The cause of death has not yet been revealed.

At the end, it's just a recipe for disaster when you go out there by yourself, said State Police Lt. Robert McDonald. This is one of those things that, unfortunately, has been happening more and more lately.

McDonald said that the Gila Wilderness is very overgrown, and even seasoned vets like True can run into trouble. Furthermore, Jane Bruemmer, Wilderness Lodge's co-owner, told ABC News that people have also been known to get lost. However, she didn't think that True would.

He goes for a run every day, so it's not unusual, Bruemmer said. We just don't think he had much with him, since he was planning on coming home. We're perplexed.

Bruemmer also said that True wasn't known to have any health problems, and suspects he may have become injured.

True, 58, earned high praise among the distance running community, including that of Barry Anderson, a manager at Runner's Den in Phoenix, who said the sport would greatly miss True.

He was both an international running celebrity, and the first person to smile and shake your hand when you crossed the finish line behind him, Anderson wrote in a posting on Runner's Den Facebook page. The fact that so many people from all over the country dropped everything and immediately went to his aid is testimony to the way he lived his life and the way he himself treated his friends.

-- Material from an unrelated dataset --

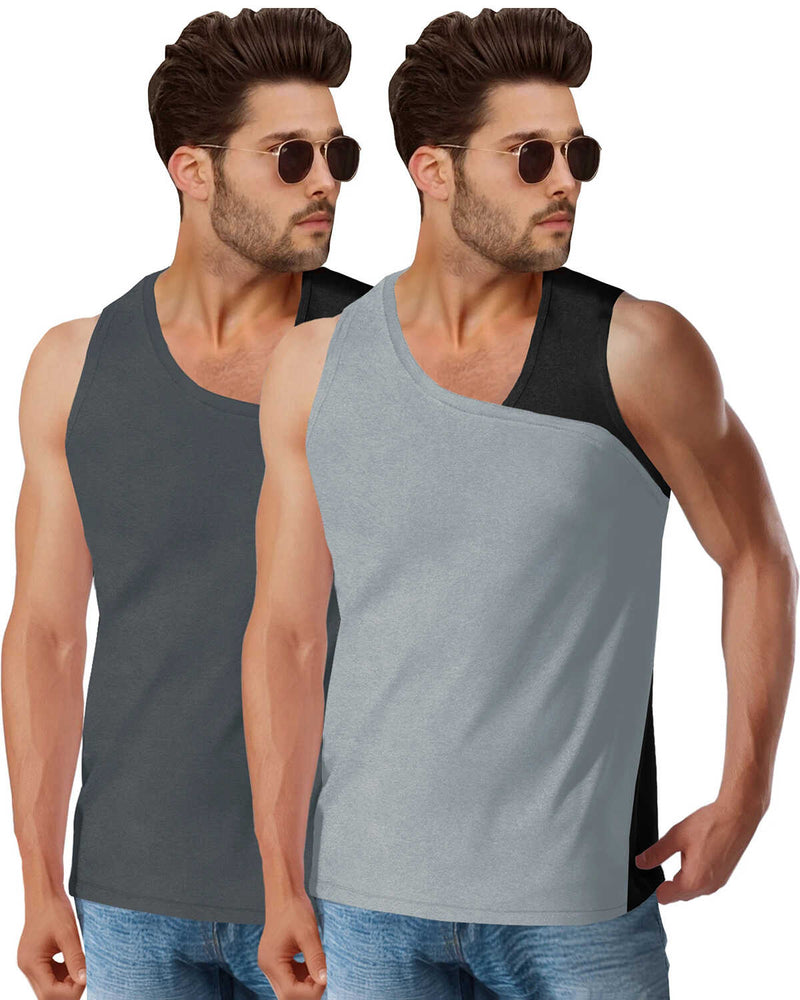 (Pack Of 2) Men Plain Combo Vest / Darkgrey & Grey – TRIPR

True has been so revered that he was the subject of Christopher McDougall's best-selling book, Born to Run, which recounted how he lived in the remote Copper Canyons of Mexico among the Tarahumara, a desert-dwelling tribe of the best distance runners in the world. It was during his time in the canyons, specifically in the town of Urique, that True also became the race director of the Copper Canyon Ultra Marathon, a 50-mile race across the desert, and organized the first Copper Canyon run in 2003.

When he was out on the trail running, it was like someone just rang the school bell and said, 'Recess,' recalled McDougall, It was utter playfulness.

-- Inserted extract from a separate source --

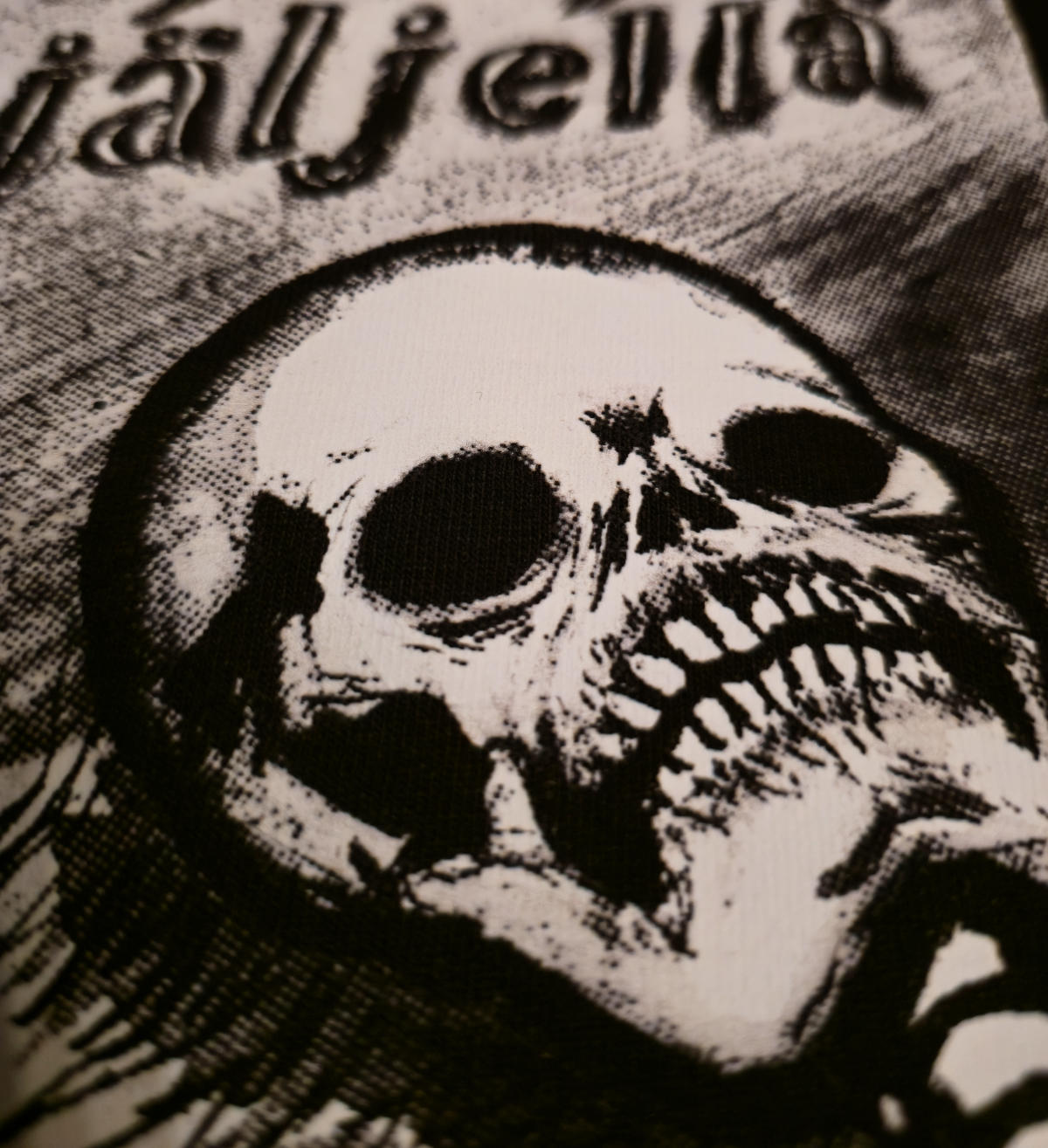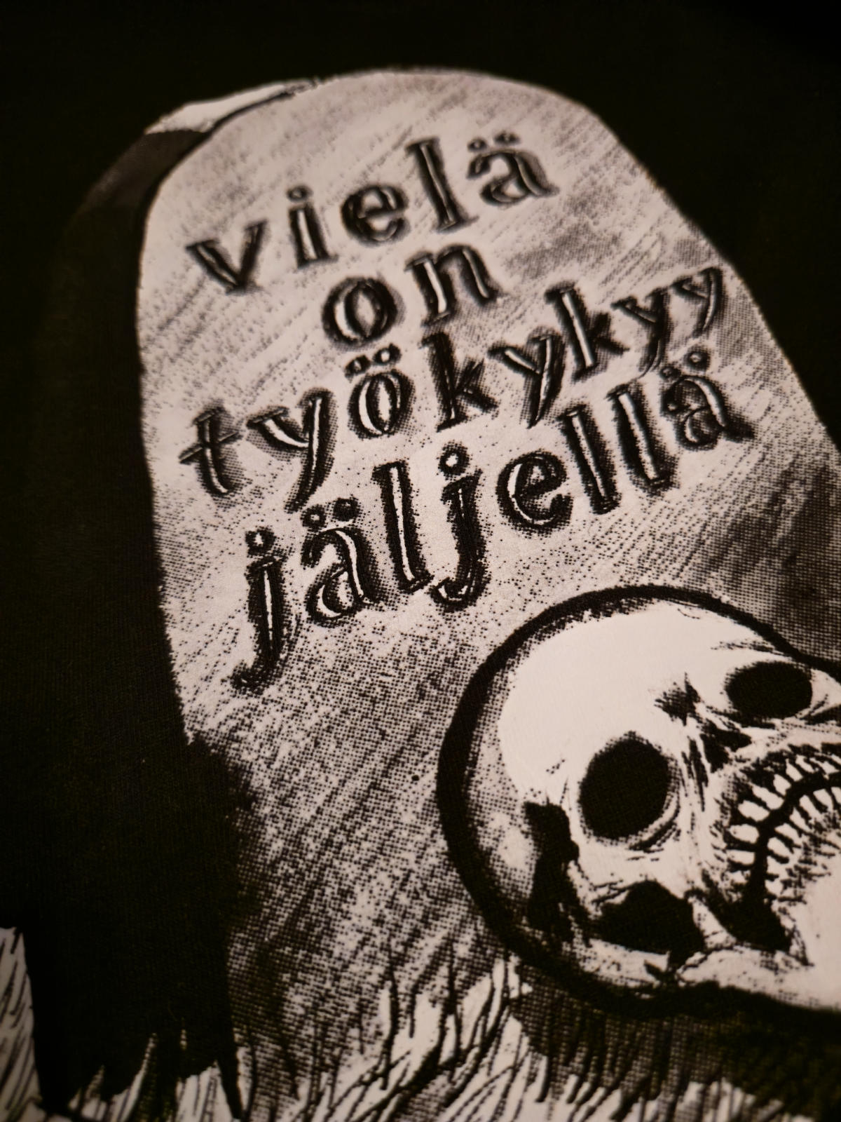 Tunnetuimman printtimme pohjalta painettu t-paita. Tällä kaverilla on vielä vähän työkykyy jäljellä. Alkuperäisteos on tehty musteella. Paidan kuva on rasteroitu mukavaksi, joten kuva "joustaa" ja näyttää hienolta.
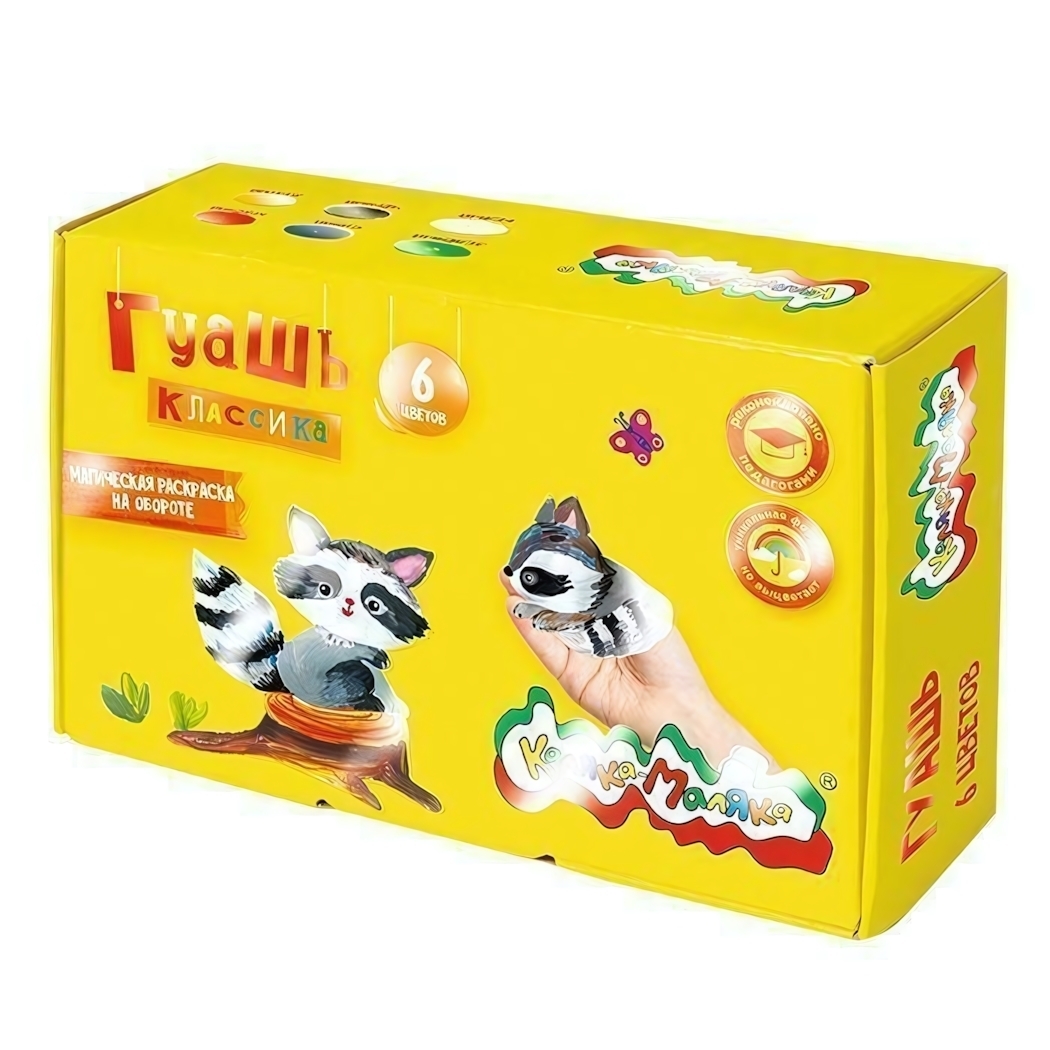Гуашь "Классика" 6 цветов по 20мл, легко смывается, для детского творчества

A trail guide for hire, True travelled a lot between Copper Canyon and Boulder, Colo. making stops now and then in New Mexico and Arizona. Bruemmer said he often stayed at her lodge while en route to and from Mexico.

McDougall, who said that the Copper Canyon race may not be able to continue without True, whose nickname was Caballo Blanco in the distance running community, posted a fitting tweet in honor of him late Saturday:

Caballo had the only funeral he would have wanted: his friends spent days running in the wilderness in his honor.